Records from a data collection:
▽
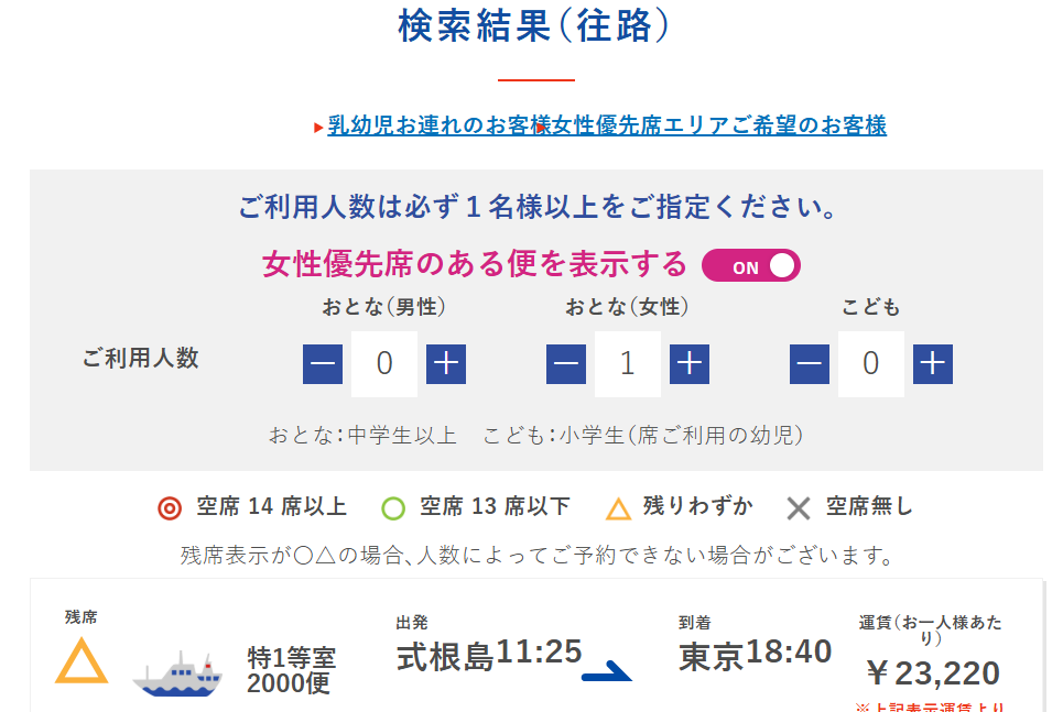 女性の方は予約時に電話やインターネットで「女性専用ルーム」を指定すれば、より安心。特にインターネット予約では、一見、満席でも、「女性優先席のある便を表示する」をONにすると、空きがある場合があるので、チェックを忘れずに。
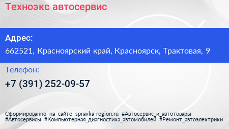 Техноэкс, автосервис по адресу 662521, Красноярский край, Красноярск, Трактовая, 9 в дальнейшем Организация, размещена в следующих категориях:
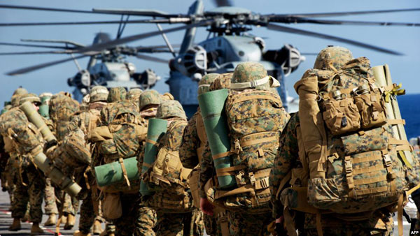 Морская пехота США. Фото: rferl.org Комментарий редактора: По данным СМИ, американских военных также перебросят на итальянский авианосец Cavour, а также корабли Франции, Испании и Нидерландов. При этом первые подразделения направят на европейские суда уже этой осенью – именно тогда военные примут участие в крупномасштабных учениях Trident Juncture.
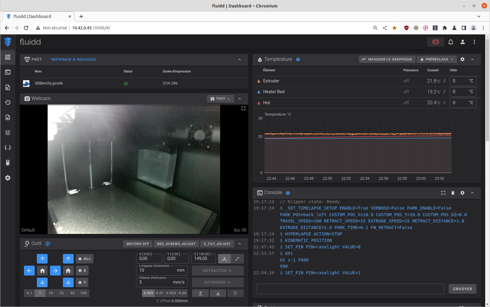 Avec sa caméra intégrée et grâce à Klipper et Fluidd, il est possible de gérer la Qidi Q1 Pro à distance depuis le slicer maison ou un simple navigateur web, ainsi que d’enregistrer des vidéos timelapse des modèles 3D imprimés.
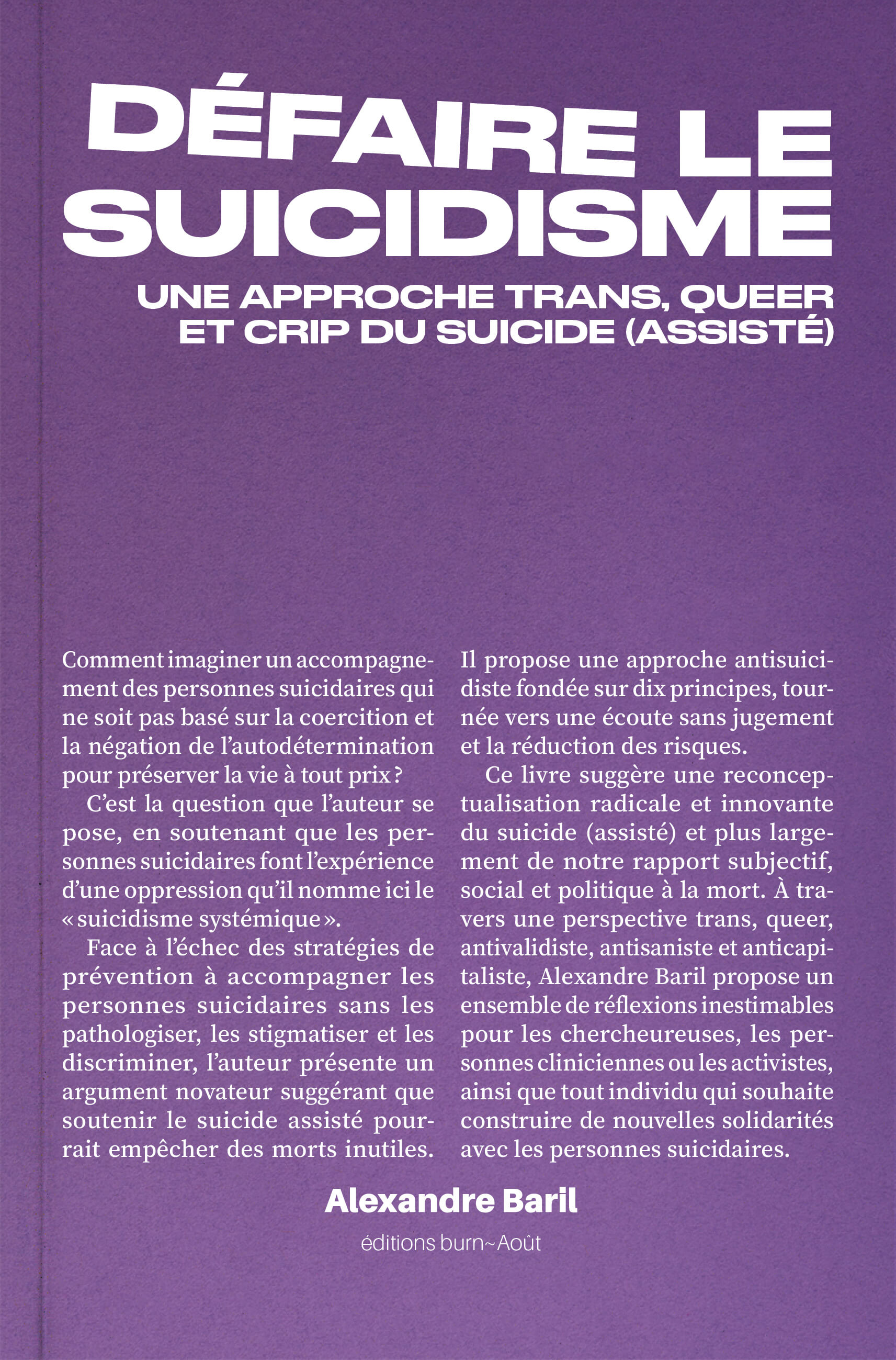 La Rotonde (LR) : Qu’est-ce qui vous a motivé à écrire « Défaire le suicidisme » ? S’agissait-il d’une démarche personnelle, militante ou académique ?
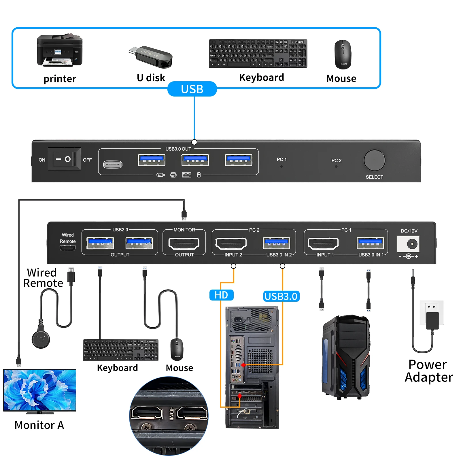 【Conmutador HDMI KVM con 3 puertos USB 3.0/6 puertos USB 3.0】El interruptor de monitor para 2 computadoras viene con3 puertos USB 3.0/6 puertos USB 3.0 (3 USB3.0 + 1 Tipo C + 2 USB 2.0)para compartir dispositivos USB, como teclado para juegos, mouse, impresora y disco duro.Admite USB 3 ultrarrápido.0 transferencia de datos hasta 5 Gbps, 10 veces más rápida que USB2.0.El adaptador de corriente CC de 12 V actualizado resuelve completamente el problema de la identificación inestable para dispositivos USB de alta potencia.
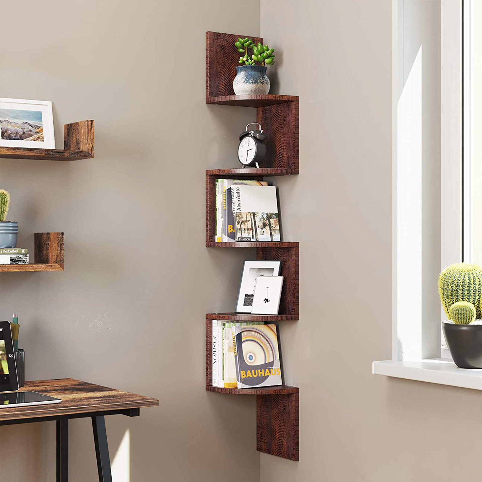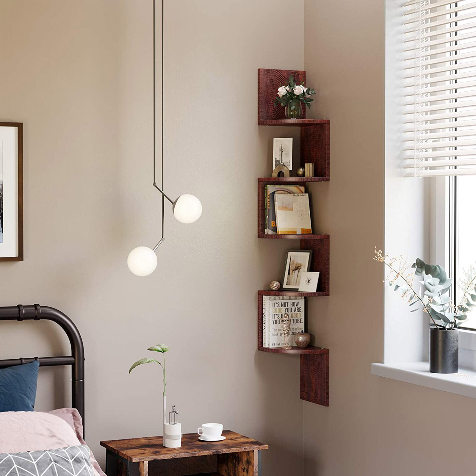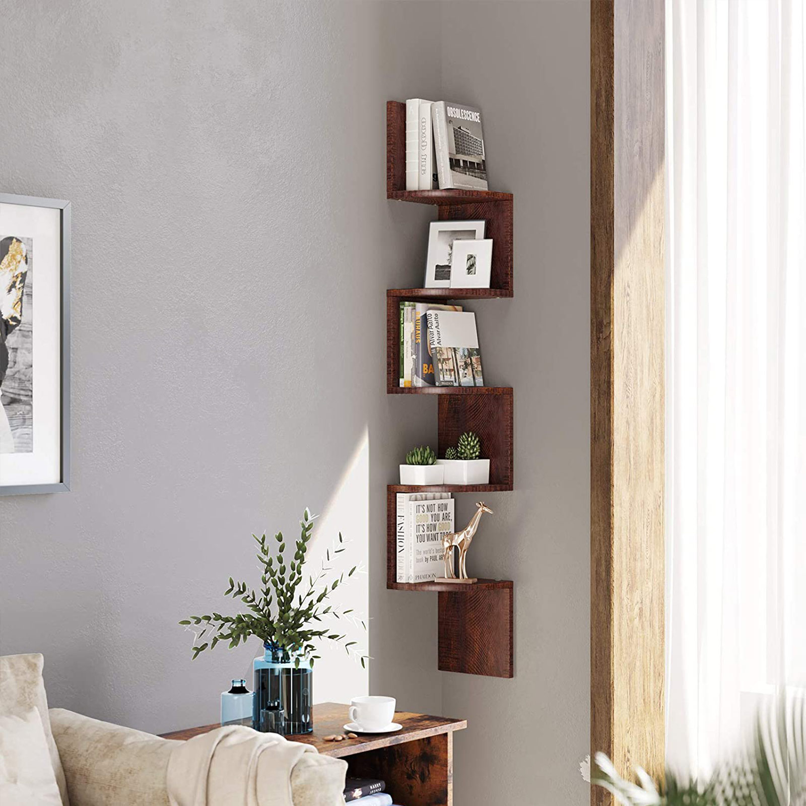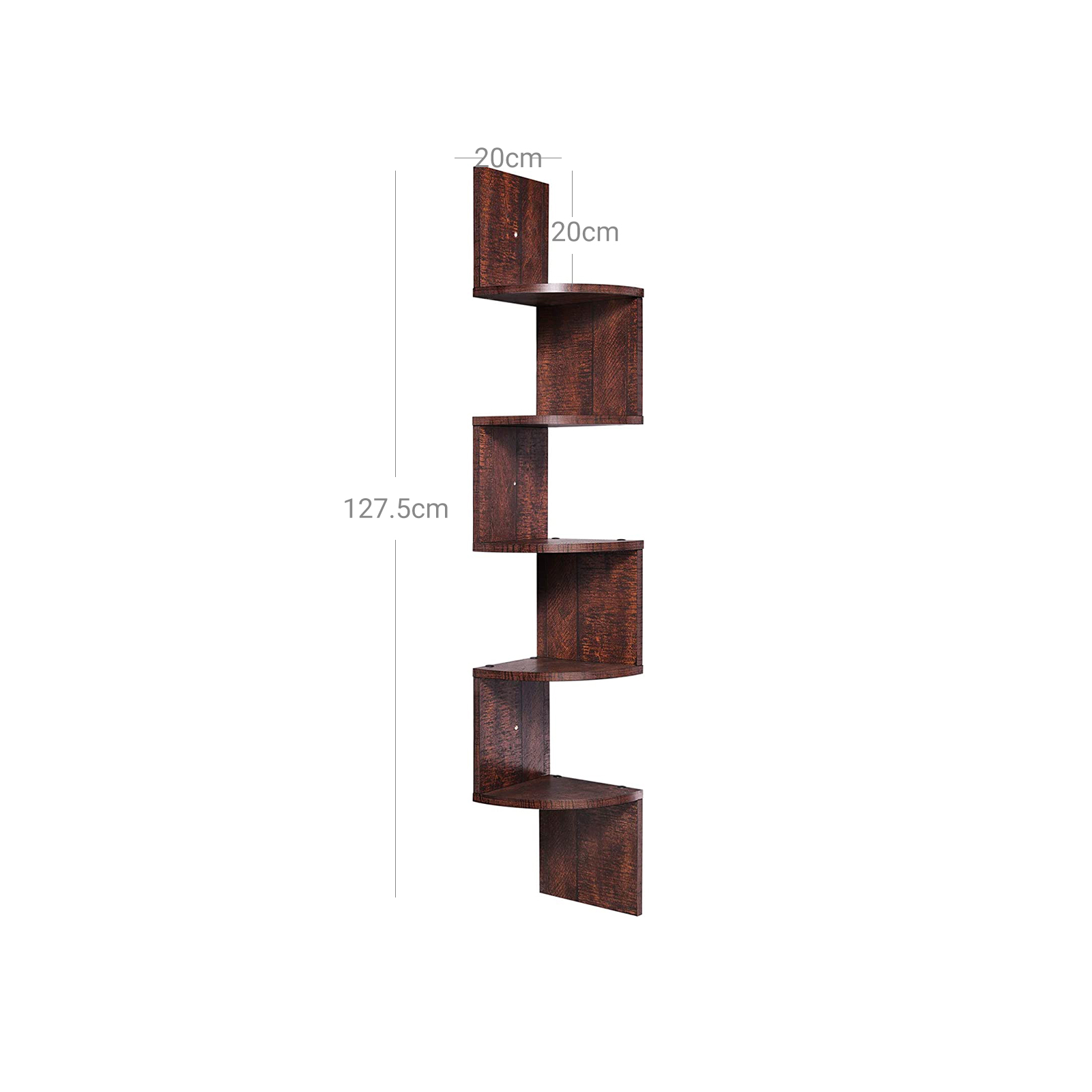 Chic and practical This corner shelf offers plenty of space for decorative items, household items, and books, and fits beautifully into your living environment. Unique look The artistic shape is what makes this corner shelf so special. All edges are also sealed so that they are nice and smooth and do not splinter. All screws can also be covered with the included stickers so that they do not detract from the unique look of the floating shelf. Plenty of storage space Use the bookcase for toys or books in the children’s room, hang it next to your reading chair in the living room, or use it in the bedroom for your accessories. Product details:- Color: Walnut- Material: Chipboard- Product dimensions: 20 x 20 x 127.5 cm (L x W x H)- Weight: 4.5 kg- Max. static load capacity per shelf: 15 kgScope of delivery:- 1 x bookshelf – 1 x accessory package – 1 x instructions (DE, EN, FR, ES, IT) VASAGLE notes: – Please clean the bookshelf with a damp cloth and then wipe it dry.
△
• _ASSIGNMENT_: Your copy should hold the lines from the one with "Морская пехота США." up to and including the one with "Avec sa caméra", exactly as in the data above, and no pictures.

• _EXERCISE ANSWER_:
 Морская пехота США. Фото: rferl.org Комментарий редактора: По данным СМИ, американских военных также перебросят на итальянский авианосец Cavour, а также корабли Франции, Испании и Нидерландов. При этом первые подразделения направят на европейские суда уже этой осенью – именно тогда военные примут участие в крупномасштабных учениях Trident Juncture.
 Avec sa caméra intégrée et grâce à Klipper et Fluidd, il est possible de gérer la Qidi Q1 Pro à distance depuis le slicer maison ou un simple navigateur web, ainsi que d’enregistrer des vidéos timelapse des modèles 3D imprimés.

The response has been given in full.